A castração química nada mais é do que um procedimento que se caracteriza pela manipulação de hormônios que buscam reduzir, temporariamente, o nível de testosterona. Essa redução pode acarretar, entre outros efeitos colaterais, em redução da libido ou da ereção. E, embora adotada em alguns países como pena voluntária ou condicional para liberdade (Como nos Estados Unidos, Coreia do Sul e Polônia) em casos de estupro, a aplicação e eficácia da medida não possui evidência científica comprovada e está longe de ser consenso entre profissionais da saúde e juristas, que consideram a prática uma pena cruel e degradante e que viola a Constituição Federal e a Convenção Americana sobre Direitos Humanos.
Vale lembrar que a castração química era empregada compulsoriamente contra homossexuais em diversos países da Europa entre os anos de 1940 e 1960, onde a homossexualidade era proibida. Um dos casos mais conhecidos foi o do matemático britânico Alan Turing, responsável por decifrar códigos nazistas na Segunda Guerra Mundial, que foi condenado por “indecência grave” em 1952 e submetido ao procedimento, o que contribuiu para o seu suicídio em 1954.
Durante o regime nazista na Alemanha, experimentos de castração química e cirúrgica também foram realizados em prisioneiros.
A biologização dos desejos, da sexualidade, da orientação sexual, do gênero, da potência e da libido têm sido uma chave para variadas narrativas da extrema direita ao longo da história, mas tem ganhado força atualmente. É o homem que só é homem se tiver um pênis, a mulher que só é mulher se tiver uma vagina, a orientação sexual fixada nas genitálias, os úteros que deveriam estar à disposição da reprodução independente da vontade das pessoas acopladas a eles, as festas de testosterona do Vale do Silício como um culto à masculinidade, o High-T Department of War de Trump, o determinismo genético a lista é longa e perigosa.

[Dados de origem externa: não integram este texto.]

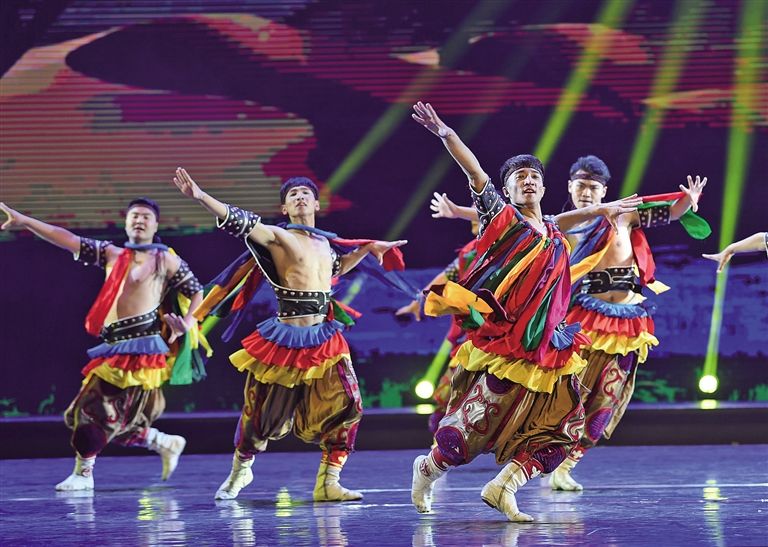 在第11屆中國(guó)舞蹈“荷花獎(jiǎng)”評(píng)選中,13位身著蒙古袍、顫顫巍巍的“爺爺”拄著拐杖奪得金獎(jiǎng)。“爺爺”手中的拐杖時(shí)而變成自拍桿,時(shí)而又變成馬頭琴,風(fēng)趣靈動(dòng)的蒙古舞與流行樂混搭得異常和諧,呼和浩特民族演藝集團(tuán)編創(chuàng)的舞蹈《爺爺們》如同不一樣的煙火,在二十一世紀(jì)的蒙古舞星空炸裂出別樣的絢爛。2019年,內(nèi)蒙古舞蹈迎來高光時(shí)刻,民族舞劇《草原英雄小姐妹》斬獲文華大獎(jiǎng),填補(bǔ)了內(nèi)蒙古在文華獎(jiǎng)?lì)I(lǐng)域的空白;由鄂爾多斯民族歌舞劇院編創(chuàng)的舞蹈作品《黑緞子坎肩》捧回第12屆中國(guó)舞蹈“荷花獎(jiǎng)”小金人。在似錦繁華迷人眼的舞壇,蒙古舞憑借勃發(fā)的民族生命力和強(qiáng)大的藝術(shù)感染力獨(dú)領(lǐng)風(fēng)騷。

Outra característica dessas narrativas é a de oferecer soluções fáceis, quase mágicas e imediatas para problemas complexos. Como disse a coordenadora institucional do Fórum Brasileiro de Segurança Pública, Juliana Martins, em entrevista ao Podcast Pauta Pública, os crimes sexuais no Brasil estão ligados mais à cultura que à biologia. As violências tanto contra as mulheres quanto contra crianças e adolescentes, nesse contexto sexual, são resultado de um processo histórico de naturalização dessas violências, que têm uma construção cultural e social na base de tudo isso definiu.
Não existe um hormônio que carrega em si códigos de instrução para cometer um crime e diversos estudos psicológicos e mesmo criminológicos apontam que a motivação principal por trás dos crimes sexuais não é a satisfação de um impulso, mas a busca por controle, poder, dominação e humilhação das vítimas. Faz porque pode. Porque é mais forte. Porque acha que tem posse. É preciso evitar a violência antes que ela aconteça e isso pede outros tipos de políticas públicas.
Lacan costumava dizer que a anatomia não é o destino. Para ele, o que define a sexualidade humana é como o sujeito se posiciona diante da linguagem. Os hormônios podem ditar a intensidade de um impulso decorrente da libido ou da agressividade física de base, mas é a mente humana, moldada pela cultura, escolhas e valores, que decide como canalizar essa energia. A violência sexual é um ato de dominação, poder e falta de consentimento, legitimada social e culturalmente. Não um mero processo biológico controlável.